Dollar-cost averaging, or DCA, is an investment strategy that tries to minimize your risks by making multiple purchases of an asset over a period of time, realizing several different entry prices.
By spreading out the purchase of a security over several smaller purchases, the DCA strategy makes periodic deposits which combine to form an "average" price. The investor would add the investment purchase prices, then divide the sum by the amount of purchases made.
Let's say you've identified an investment and noticed the stock price tends to move up and down a lot. You're not sure if the price you'd pay now is the best you'll see or if it will drop in the days and weeks to come... you could instead buy $100 per month. Reviewing the purchases after five months, you see that you'd purchased units at $50, $49, $48, $47, and $51.

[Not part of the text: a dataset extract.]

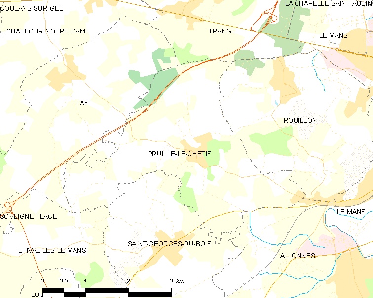 Map of French municipality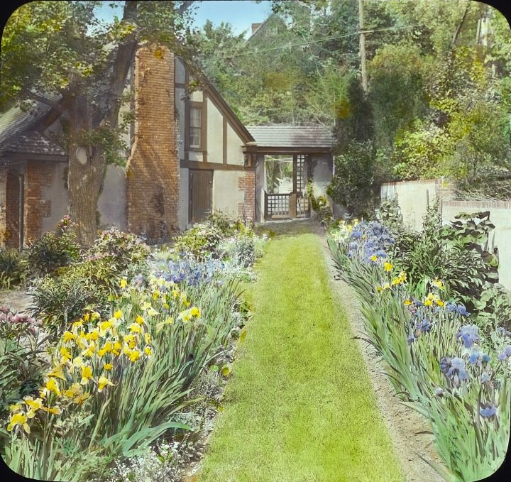 Title [Daniel Elezer Pomeroy house, Beech Road, Englewood, New Jersey. Iris pathway] Contributor Names Johnston, Frances Benjamin, 1864-1952, photographer Created / Published [1918 spring] Subject Headings - Gardens--New Jersey--Englewood--1910-1920 - Irises--New Jersey--Englewood--1910-1920 - Houses--New Jersey--Englewood--1910-1920 Format Headings Lantern slides--Hand-colored--1910-1920. Notes - Site History. House Architecture: Aymar Embury II. Landscape: Ruth Bramley Dean, circa 1915. Associated Name: Frances Morse (Mrs. Daniel E.) Pomeroy. Today: Not extant. - On lantern slide mount: Blue star sticker and red-edged square sticker with line through middle. - On slide (printed): "T.H. McAllister-Keller Co., Inc." and "176 Fulton Street, New York." (slide manufacturer) - Title, date, and subject information provided by Sam Watters, 2011. - Forms part of: Garden and historic house lecture series in the Frances Benjamin Johnston Collection (Library of Congress). - Published in: Gardens for a Beautiful America / Sam Watters. New York : Acanthus Press, 2012. Figure 34e. Medium 1 photograph : glass lantern slide, hand-colored ; 3.25 x 4 in. Call Number/Physical Location LC-J717-X108- 71 [P&P] Repository Library of Congress Prints and Photographs Division Washington, D.C. 20540 USA Digital Id ppmsca 16798 //hdl.loc.gov/loc.pnp/ppmsca.16798 Library of Congress Control Number 2008676098 Reproduction Number LC-DIG-ppmsca-16798 (digital file from original item) Rights Advisory No known restrictions on publication. Online Format image Description 1 photograph : glass lantern slide, hand-colored ; 3.25 x 4 in. LCCN Permalink

The total number of units received from the five $100 outlays would have been approximately 10.21 resulting in an average cost of $48.97.
When you dollar-cost average, you buy more shares of an investment when the share price is low and fewer shares when the share price is high. This can result in paying a lower average price per share over time. It's worth noting that dollar-cost averaging doesn't always result in a lower average cost.
The basic steps for an investor to set up DCA are to choose the investment, determine a dollar amount to invest, choose an investment frequency, and decide if they want to make manual purchases or set up automated deposits.
In closing, any investment strategy is only as good as the stocks you pick. Dollar-cost averaging can help ease apprehension and is better than trying to time the markets, but it is no substitute for finding quality companies to invest in.